Positional Encoding: Order via Rotation | Explainers

Read this as How does the model know token order?

Failure Trap: Assuming self-attention automatically knows sequence order without positional signal.
Decision Rule: Inject position before attention; with RoPE, rotate Q and K so dot products encode relative offsets.

1 / ?

Self-attention alone has no order

If token representations carry no positional signal, attention sees a bag of token vectors rather than an ordered sequence.

Permutation changes should matter for language.
Attention scores need position somewhere.
The signal is injected before or inside attention.

Sinusoidal encodings add position

Classic positional encodings add sine and cosine features at multiple frequencies to token embeddings.

Each position has a pattern.
Frequencies cover short and long ranges.
The vector now carries order information.

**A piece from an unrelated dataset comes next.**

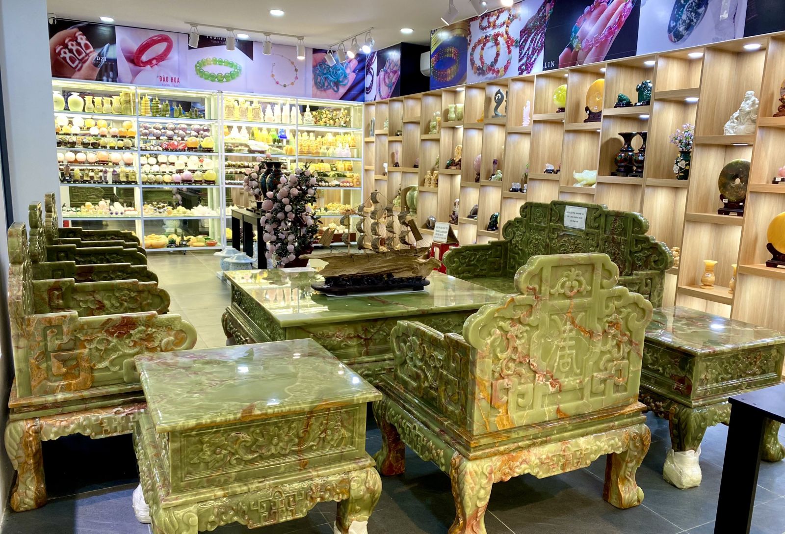 CẬN CẢNH BỘ BÀN GHẾ ĐÁ NGỌC PAKISTAN ĐỘC NHẤT VÔ NHỊ TẠI VIỆT NAM

RoPE rotates query and key features

Rotary position embeddings rotate pairs of Q and K dimensions by an angle tied to token position.

Position m maps to angle m times theta.
The value vectors are not the focus.
Rotation happens before attention scores.

Two tokens carry different rotations

Tokens at positions m and n receive different rotations, even if their content vectors are similar.

The content remains in the vector.
The orientation now encodes location.
Pairs can compare relative offset.

The dot product reads relative position

When rotated Q and K vectors are compared, the score depends on the relative offset between positions.

Attention keeps content matching.
The score also carries distance information.
This makes relative order available to heads.

Multiple frequencies cover multiple scales

Different rotation frequencies let the model represent nearby and longer-range position patterns.

Short scales help local syntax.
Long scales help broader context.
The positional signal travels through attention.